Our review indicates that few studies have employed advanced computational techniques to enhance LLM performance. The diverse evaluation metrics used highlight the need for standardization. LLMs currently cannot replace physicians due to challenges such as bias, hallucinations, and impersonal responses.
生成式大语言模型(LLMs)代表了自然语言处理领域的一项重大进展,在各种任务中都取得了领先的性能。然而,它们在使用真实电子健康记录(EHRs)的临床环境中的应用仍然很少,并且存在众多挑战。
本研究旨在系统回顾生成式大语言模型的使用情况,以及相关技术在涉及电子健康记录的患者护理相关主题中的有效性,总结面临的挑战,并提出未来的方向。
2024年5月19日,使用PubMed和Web of Science对同行评审文章进行布尔搜索,以纳入自2023年(ChatGPT发布后一个月)以来发表的研究文章。对搜索结果进行去重。包括生物医学信息学家、计算机科学家和一名医生在内的多名评审人员对出版物进行资格筛选并进行数据提取。仅纳入利用生成式大语言模型分析真实电子健康记录数据的研究。我们总结了提示工程、微调、多模态电子健康记录数据和评估矩阵的使用情况。此外,我们确定了纳入研究报告的在临床环境中应用大语言模型当前面临的挑战,并提出了未来的方向。
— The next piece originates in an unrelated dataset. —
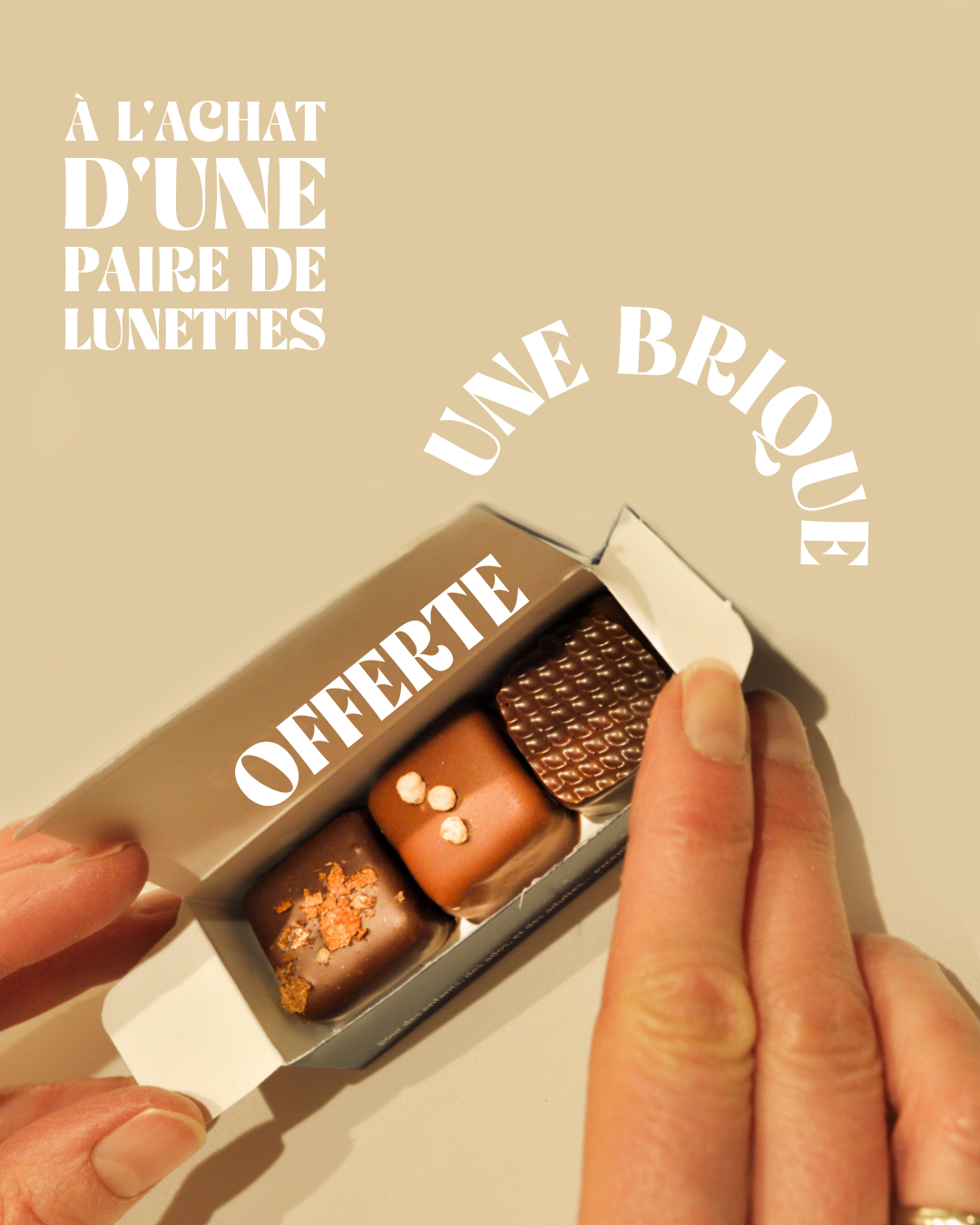 En février, pour tout achat de lunettes et/ou de verres, une brique de pralines vous est offerte

初步搜索识别出6328项独特研究,经过资格筛选后纳入76项研究。其中,67项研究(88.2%)采用了零样本提示,其中5项研究在五项特定临床任务上报告了100%的准确率。9项研究使用了先进的提示策略;4项对这些策略进行了实验测试,发现提示工程提高了性能,其中一项研究指出提示中的示例数量与性能提升之间存在非线性关系。8项研究探索了生成式大语言模型的微调,所有研究都报告了在特定任务上的性能提升,但其中3项研究指出在某些任务上微调后可能存在性能下降。只有2项研究使用了多模态数据,这改善了基于大语言模型的决策制定,并实现了准确的罕见病诊断和预后。这些研究为22个目的采用了55种不同的评估指标,如正确性完整性和简洁性。2项研究调查了大语言模型的偏差,一项未检测到偏差,另一项发现男性患者收到了更合适的临床决策建议。6项研究识别出幻觉,如在结构化甲状腺超声报告中编造患者姓名。其他挑战包括但不限于大语言模型咨询的客观语气让患者感到不舒服,以及患者理解大语言模型回复存在困难。
我们的综述表明,很少有研究采用先进的计算技术来提高大语言模型的性能。所使用的多样化评估指标凸显了标准化的必要性。由于偏差、幻觉和客观回复等挑战,大语言模型目前无法取代医生。